Investigation of biomarkers in a rare case of fulminant necrotizing enterocolitis in a preterm infant

Abstract

We encountered a very rare case of fulminant necrotizing enterocolitis (F-NEC) in a preterm male baby. The course of NEC and sepsis in this case was clearly different from the usual course. After onset at 14 days of life, catheter-related bloodstream infection was first assumed, and antibiotics and γ-globulin administration were started. However, 12 hours after onset, the baby's abdominal distension increased remarkably, and his entire abdominal wall turned red to purple. Escherichia coli were isolated from the blood culture, but the catheter tip culture was negative. Exchange transfusion was performed 32 hours after onset, but no significant changes were observed in the baby's general condition, and he died 46 hours after onset. The acute phase reactants of CRP and α1-acid glycoprotein increased, but haptoglobin did not. Although IL-1β and TNFα increased as expected with sepsis, IL-6, IL-8, IL-10, and G-CSF however increased to a greater extent than expected.

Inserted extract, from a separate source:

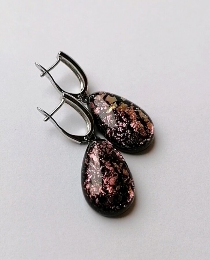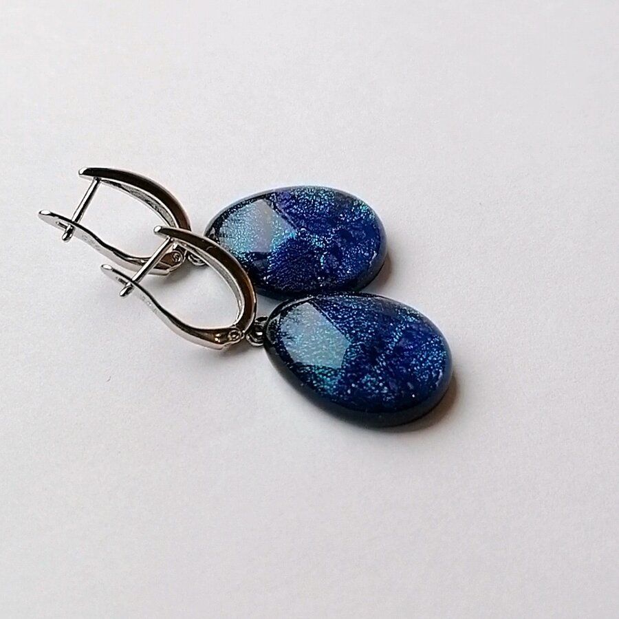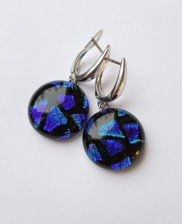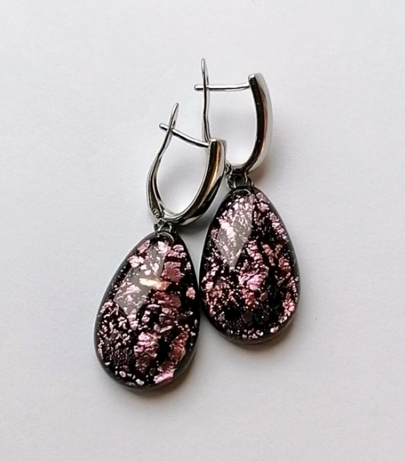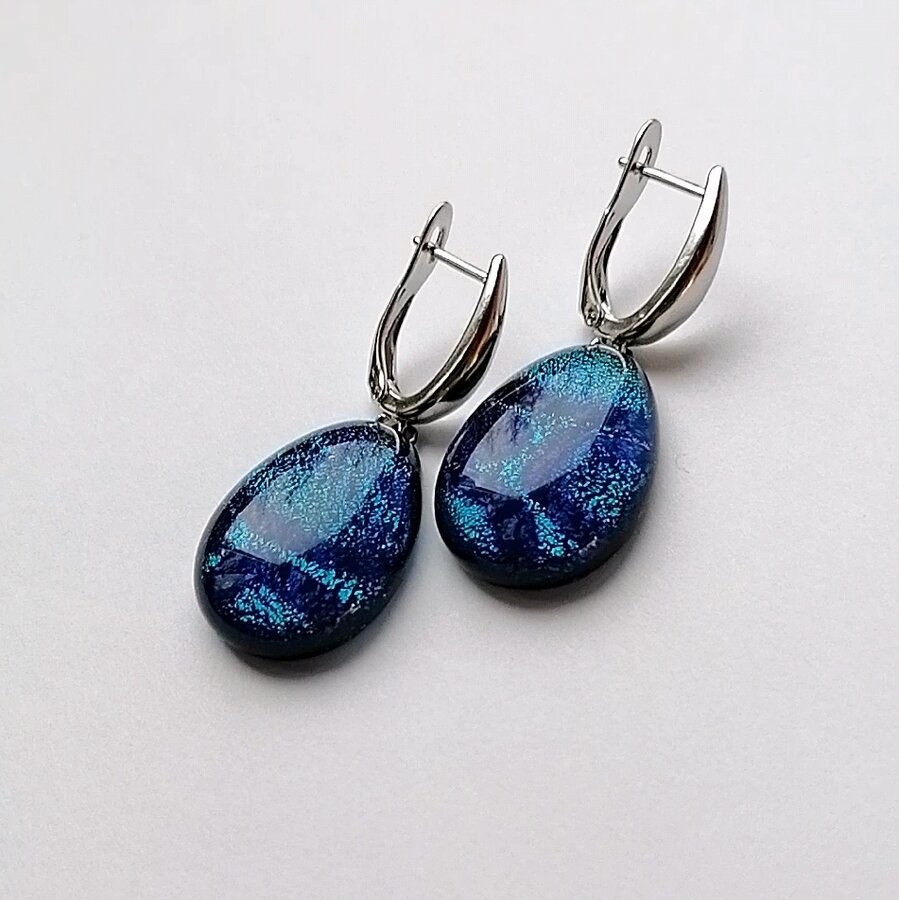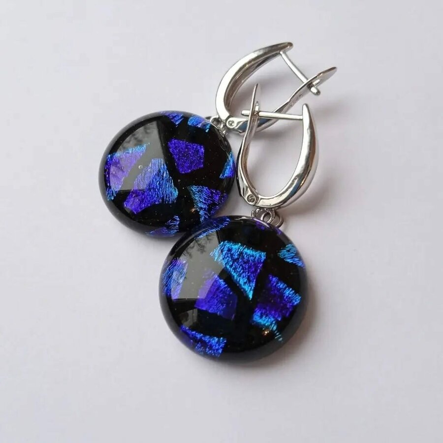 Серьги авторской работы. Выполнены из стекла с ручной обработкой и выплавлением в печи.

From the above, we diagnosed the development of intestinal necrosis as a result of widespread intestinal ischemia, and that sepsis was associated with this poor condition.

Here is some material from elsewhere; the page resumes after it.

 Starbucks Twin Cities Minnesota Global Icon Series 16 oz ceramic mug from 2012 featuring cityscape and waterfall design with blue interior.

Keywords: acute phase reactants; cytokine profiles; fulminant necrotizing enterocolitis; high mobility group box-1; preterm infant.

Fig. 1-A.

Transition of clinical symptoms and treatment after onset: The time of onset of vomiting was set to 0 and displayed over time. → in the abdominal radiograph refers to the gas in the portal vein. The bubble gas pattern observed early after onset spread from the lower right half to occupy the entire lower half of the abdomen. Throughout the course, no free air was found in the abdomen. The blood flow in the celiac artery (CA) and superior mesenteric artery (SMA) was followed by abdominal echo. The SMA could be visualized at onset, but visualization of the CA was not possible. We noted that the blood flow velocity of the celiac artery, which seems to be compensatory, was increased. Twenty hours after onset, the abdominal wall rapidly increased in fullness, and the color of the abdominal wall became dark purple instead of inflammatory red.

Fig. 1-B.

Transition of clinical vital signs after onset: The time axis is the same as in Fig. 1-A. From the vital signs 12 hours after the onset, it can be seen that the infant had gone into shock. After that, despite all the possible treatments, there was no recovery from shock.

Fig. 2.

Time course of acute phase reactants, peripheral blood cells, and releasing enzymes before and after onset: Haptoglobin (Hp) remained negative from beginning to end. C-reactive protein (CRP) became positive 12 hours after the onset. The α1-acid glycoprotein (AGP) did not increase prior to CRP during feeding intolerance as has been previously reported. After onset, it increased slightly later than the increase in CRP. A decrease in these two acute phase proteins was seen once after exchange transfusion, but levels returned to the previous value in about half a day. White blood cell count and platelet count dropped sharply after onset. Hemoglobin did not decrease as much as the former two. Three of the releasing enzymes also increased after onset, did not increase to the same degree. Arrows mean blood exchange transfusion.

Fig. 3.

Serial changes of cytokine profiles and the three cytotoxic markers after onset: It can be seen that all six cytokines show high levels, and in particular, IL-6,-8,-10 and G-CSF have markedly elevated levels. Although these cytokines temporarily decreased after exchange transfusion, exacerbation exceeding the previous value was observed in about half a day. Considering the age of the newborn at onset, it is judged that the effect of ischemia-reperfusion injury at birth has disappeared. Based on this hypothesis, it is judged to be abnormal when these cytotoxic markers are present in the blood after onset. Considering adult reports, high mobility group box-1 (HMGB-1) and histone H3 are clearly elevated, but syndecan-1 is not significantly elevated. Serum syndecan-1 concentration in sepsis remains at a level that does not cause disseminated intravasclular coagulopathy. The arrows indicate blood exchange transfusion.